*** Block opens ***
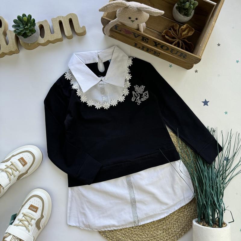 Неймовірно стильна подовжена блуза – обманка! Виробництва Туреччина! Малюнок – каміння. Прикрашена квітами. Застібається на ґудзик. Розміри: 5/6 – рукав 37/ довжина 48 7/8 – 42/ 52 9/10 – 43/ 55 11/12 – 44/ 57 13/14 – 45/ 58 *малюнок – каміння може відрізнятись
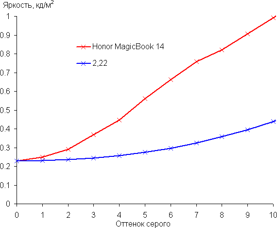 Аппроксимация полученной гамма-кривой дала показатель 2,22, что очень близко к стандартному значению 2,2, при этом реальная гамма-кривая немного отклоняется от аппроксимирующей степенной функции:
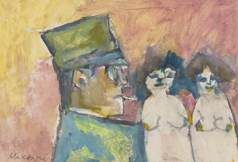 Mino Maccari (Siena 1898 Roma 1989) Senza titolo anni '70 Olio su cartoncino, cm. 23x32,5 Firmato in basso a sinistra. Autentica dell'Archivio delle opere di Mino Maccari a cura di Marco, Giuseppe e Bruna Maccari su foto con n° di Repertorio e firma Marco Maccari.
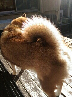 お日様浴びて、尻尾が輝いているみたい。
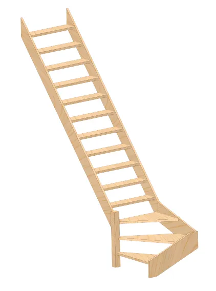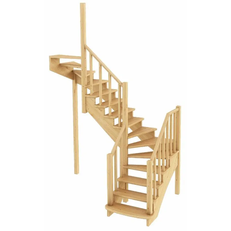 Базовый комплект включает в себя деревянные элементы лестницы и ограждения без какого-либо покрытия.
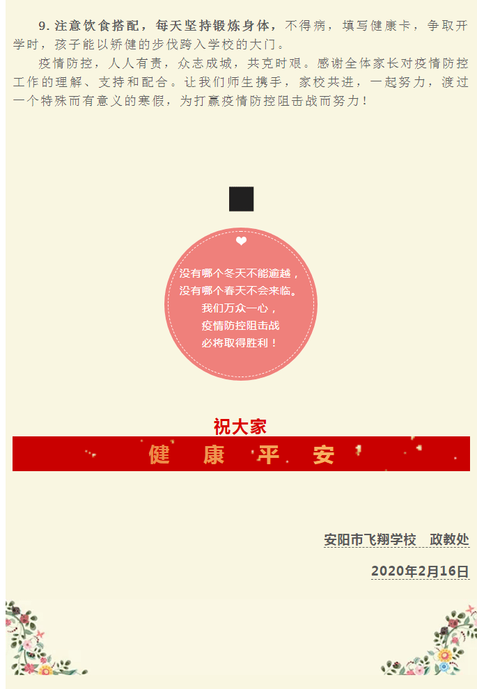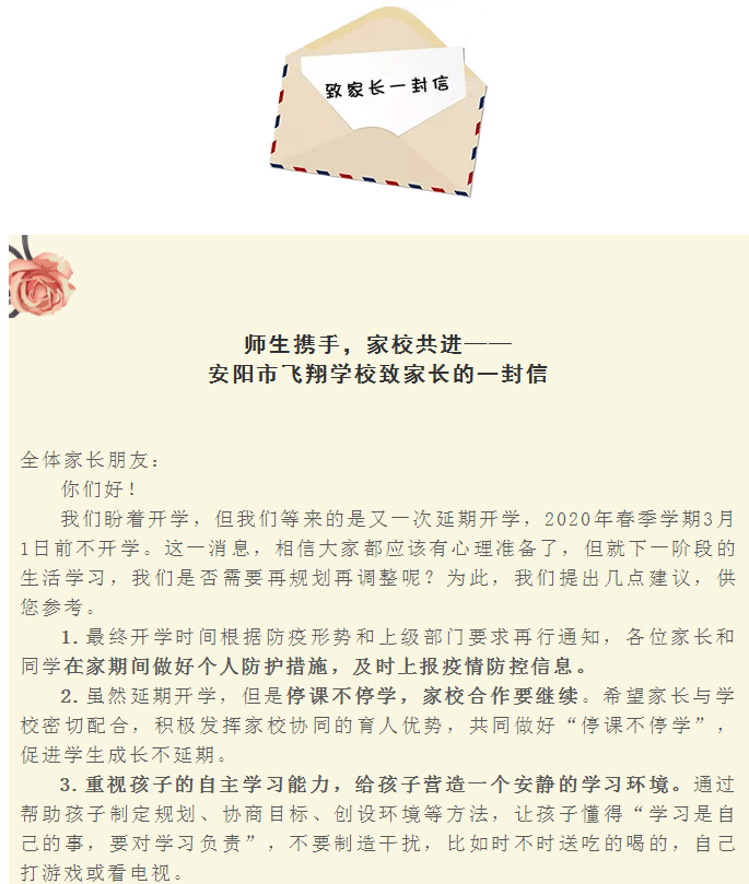 師生攜手,家校共進 —— 安陽市飛翔學校致家長的一封信
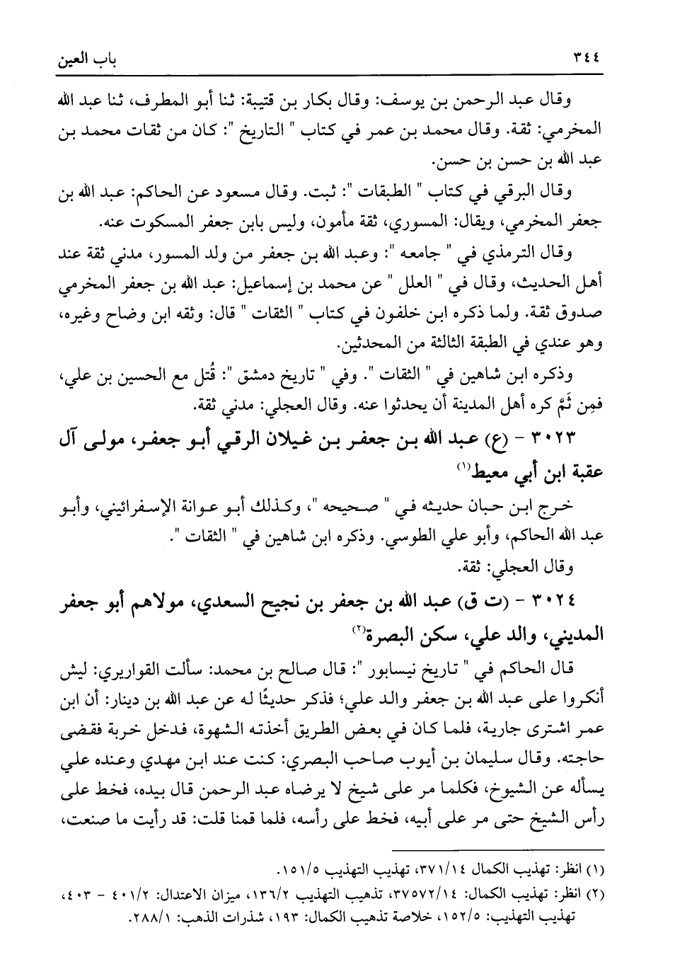 ٣٠٢٣ - (ع) عبد اللَّه بن جعفر بن غيلان الرقي أبو جعفر، مولى آل عقبة ابن أبي معيط (¬١)
*** Block closes ***
- **YOUR OBJECTIVE**: The listing should be transcribed in full, exactly, and without its pictures.

- **EXERCISE RESULT**:
 Неймовірно стильна подовжена блуза – обманка! Виробництва Туреччина! Малюнок – каміння. Прикрашена квітами. Застібається на ґудзик. Розміри: 5/6 – рукав 37/ довжина 48 7/8 – 42/ 52 9/10 – 43/ 55 11/12 – 44/ 57 13/14 – 45/ 58 *малюнок – каміння може відрізнятись
 Аппроксимация полученной гамма-кривой дала показатель 2,22, что очень близко к стандартному значению 2,2, при этом реальная гамма-кривая немного отклоняется от аппроксимирующей степенной функции:
 Mino Maccari (Siena 1898 Roma 1989) Senza titolo anni '70 Olio su cartoncino, cm. 23x32,5 Firmato in basso a sinistra. Autentica dell'Archivio delle opere di Mino Maccari a cura di Marco, Giuseppe e Bruna Maccari su foto con n° di Repertorio e firma Marco Maccari.
 お日様浴びて、尻尾が輝いているみたい。
 Базовый комплект включает в себя деревянные элементы лестницы и ограждения без какого-либо покрытия.
 師生攜手,家校共進 —— 安陽市飛翔學校致家長的一封信
 ٣٠٢٣ - (ع) عبد اللَّه بن جعفر بن غيلان الرقي أبو جعفر، مولى آل عقبة ابن أبي معيط (¬١)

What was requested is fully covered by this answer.